The allure of being your own boss is a strong pull for many to escape the traditional demands of a regular job. Recently, app-oriented companies (such as Uber, Washio, Postmates, Shyp, and others) have become popular ways for non-capitalized erstwhile entrepreneurs to enter the wide world of self-employment.
Becoming an independent contractor brings many benefits, including flexible hours, flexible working conditions, possibilities of setting one’s own fees, and deductibility of business and home office expenses, essentially “from dollar one.”
On the flip side (because every silver lining has a cloud, of course), there are additional responsibilities for independents: more stringent record keeping, close budgeting, insurance – health, property, liability, and disability – at least, liability concerns, and capital expenditures, to name but a few.
Traditionally, starting one’s own business (or “striking out on one’s own”) has involved careful planning, perhaps rounding up some initial capital (seed money), and – even if not set in print – developing at least some semblance of a business plan as to how the new venture should operate and accomplish its goals, usually first and foremost, generating income for the entrepreneur.

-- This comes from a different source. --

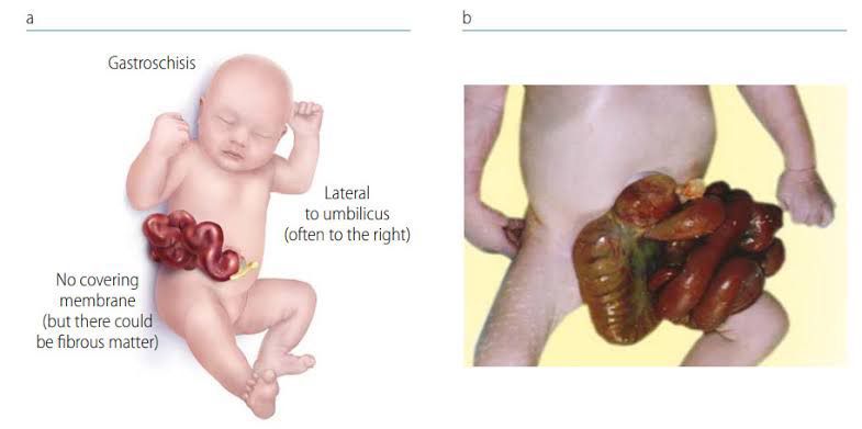 Gastroschisis is a congenital defect of abdominal wall where the contents of abdomen are doing lying outside the abdominal cavity through the defect. The cause of this condition is unknown. This condition is identified by using the ultrasound during the 2nd trimester of pregnancy Treatment is surgical where the contents are placed back inside the cavity and the defect is closed. Picture credit: https://www.cdc.gov/ncbddd/birthdefects/surveillancemanual/quick-reference-handbook/gastroschisis.html

Franchising has helped take some of the free-form aspects out of entrepreneurship by providing a cookie-cutter model, generally stated startup costs, and often-well-estimated projections of earnings, taking a good portion of the guesswork and supposition out of the equation. The initial trade-off here, of course, is the cost of the franchise (franchising fees) over and above any perceived value of the name brand itself.
In this new era of app-based companies looking to amass a 24-hour, on-demand, flexible workforce, the appeal to those wishing to break out of either traditional model (as an employee or as one starting a new venture, either from the ground up or via franchising) is clear: with essentially no money, one may submit an application, and with such low risk to the app-based enterprise, be reasonably assured of starting down the path to financial (and other) independence in a matter of hours or days.
The problem is that it is necessary to consider the great risks being accepted by the newly-independent contractor in these situations. Driving for a company such as Uber, for example, means additional wear and tear on one’s formerly personal vehicle, giving rise to increased maintenance and repair costs. Insurance, originally stated for “personal use,” is no longer so clear cut, possibly exposing the driver to additional liability (or the need for additional liability insurance).
To increase gross revenues by making one’s vehicle more attractive to would-be passengers (customers, or fares), many drivers upgrade to cars they could not otherwise afford, anticipating additional income from the revenue stream of the driving-for-hire business singulair medicine. So what happens should something interrupt that income stream, such as an illness or even termination? Now, the driver is possibly left with unsustainable debt for a vehicle which is no longer needed or wanted, with no easy way out. Surely, this happens to other small businesses, as well. The difference is that usually there is some additional capitalization behind such purchases and there is more than one revenue stream contributing to the (added) debt service each month.
Perhaps the area in which the driver is working considers such services in line with taxi and limousine services, requiring additional registration, reporting, and fees. As he or she is acting as an independent contractor, the app-based company may be reticent to step in to mitigate this additional overhead.
Our opinion in these matters is not that the app-based model is a bad idea, nor are we expressing a professional opinion as to whether drivers (in the illustration provided, above) are indeed independent contractors or statutory employees (many factors go into making these determinations, and it is best to seek guidance from your tax professional before blindly accepting what the person or entity on the other side of the table asserts to be the case). We are saying that there are more factors to consider than just how quickly one may start raking in the cash with how small an investment in sweat equity and/or capital.